Sharp: The edge is important to observability for two
reasons. First, the edge is where we see the most data being generated. It's
flowing from containers, microservices, instrumented applications, and a
variety of other systems and services. Edge data is vital to expanding the
observable footprint for operations and cybersecurity teams, but that creates
enormous pressure for how that data is collected, managed, and used. That takes
me to the second reason. The old model of moving data before you can do
anything with it is costly, resource intensive, and largely wasteful. Today, if
I want to explore or analyze logs, metrics, and traces, I have to ship that
data from the edge to some centralized platform where it is classified and
indexed. If you want true observability, you must be able to use data directly
from the edge, without requiring it to be moved.
VMblog: Observability
is a growing space. What are your predictions for the field and its adoption?

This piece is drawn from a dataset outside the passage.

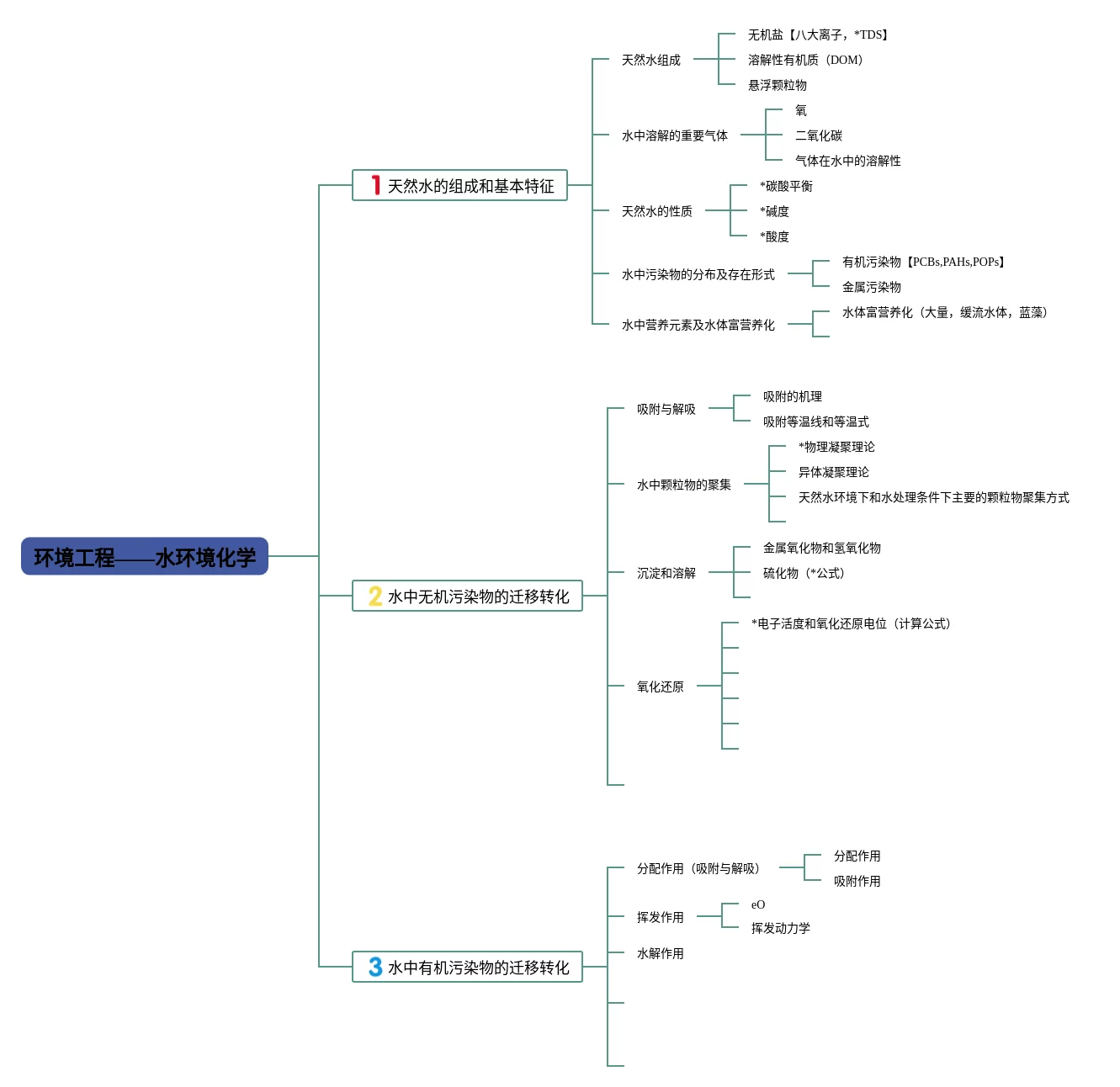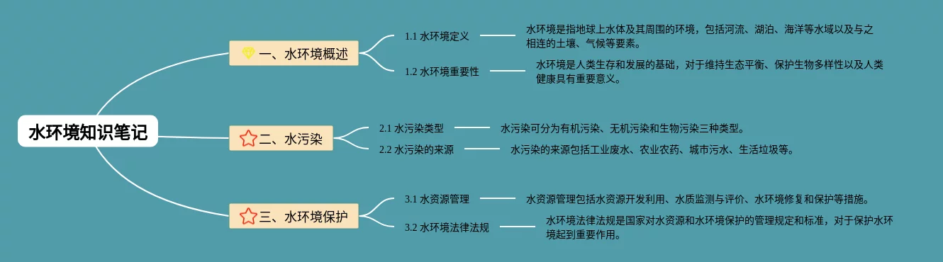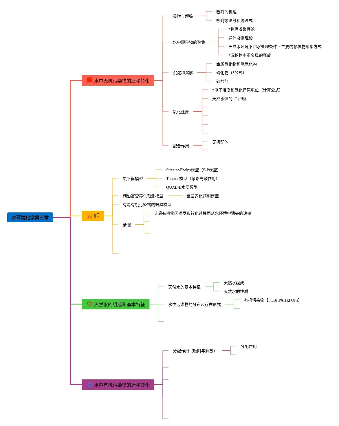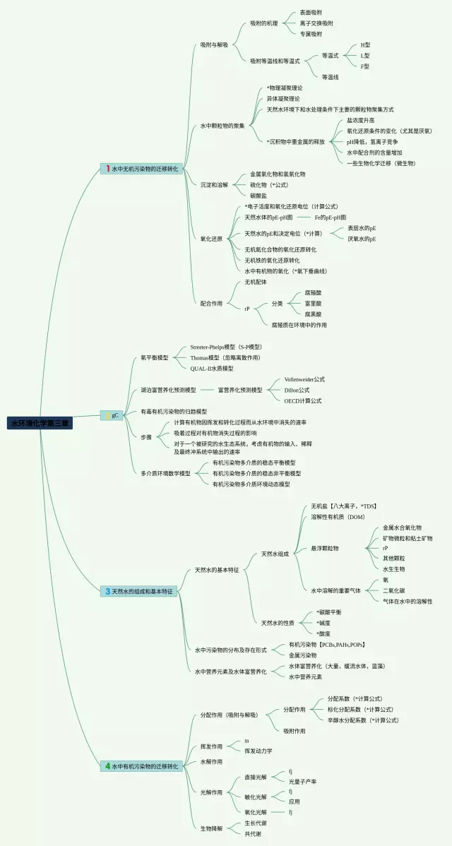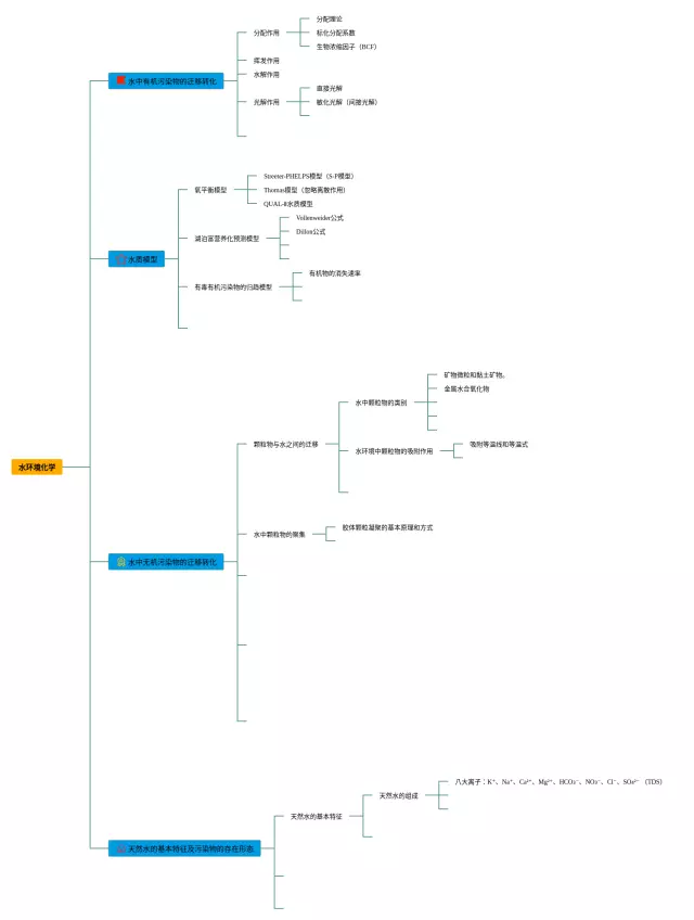 25张水环境思维导图合集,水环境思维导图,内容涵盖水中无机染物的迁移转化、天然水的组成和基本特征、水中有机染物的迁移转化等3个知识点,25张值得收藏,每张思维导图都非常简单,每张图片均值得收藏。

Sharp: Though momentum in the observability space is
certainly picking up, it's still relatively nascent. There's more educational
work that needs to be done so that more organizations can understand the power
of observability and realize that it's accessible and useful to companies of
all sizes. Over this next year, I expect the conversation around observability
will become more nuanced and sophisticated, and it will elevate to a C-suite
level priority as leaders begin to see its true business value.
One specific concept that we believe will be a
core component of the future of observability is an idea we recently introduced
called the "observability lake." The observability lake provides an open,
queryable, vendor-neutral place to store data in open formats, cheaply. In
today's world, analyzing observability and security data at rest requires one
or more commercial tools or SaaS services. Once you put data into your logging,
metrics, and tracing tools and services, this data is no longer your data - it
is the vendor's data. Reading that data back requires maintaining a commercial
relationship with your vendor, often with little leverage or control over the
cost. The observability lake frees you from this lock-in and ensures the
enterprise's data always remains the enterprise's data. More to come from us on
this topic in coming months!
VMblog: Finally, what
are Cribl's plans for the future? Where do you see the company in five years?
Sharp: We experienced incredible growth in FY21. We
raised $202 million in Series C in August, tripled our customer base, increased
average deal size by nearly 50% YoY, achieved 300% increase in ARR, and
expanded our team by 300%. We've seen great traction and interest from
customers, partners, and investors, in large part because of our differentiated
approach to open observability. Moving forward, we want to continue this momentum
and continue to build out a full, innovative suite of observability solutions
that offers businesses' radical choice and control over all observability data.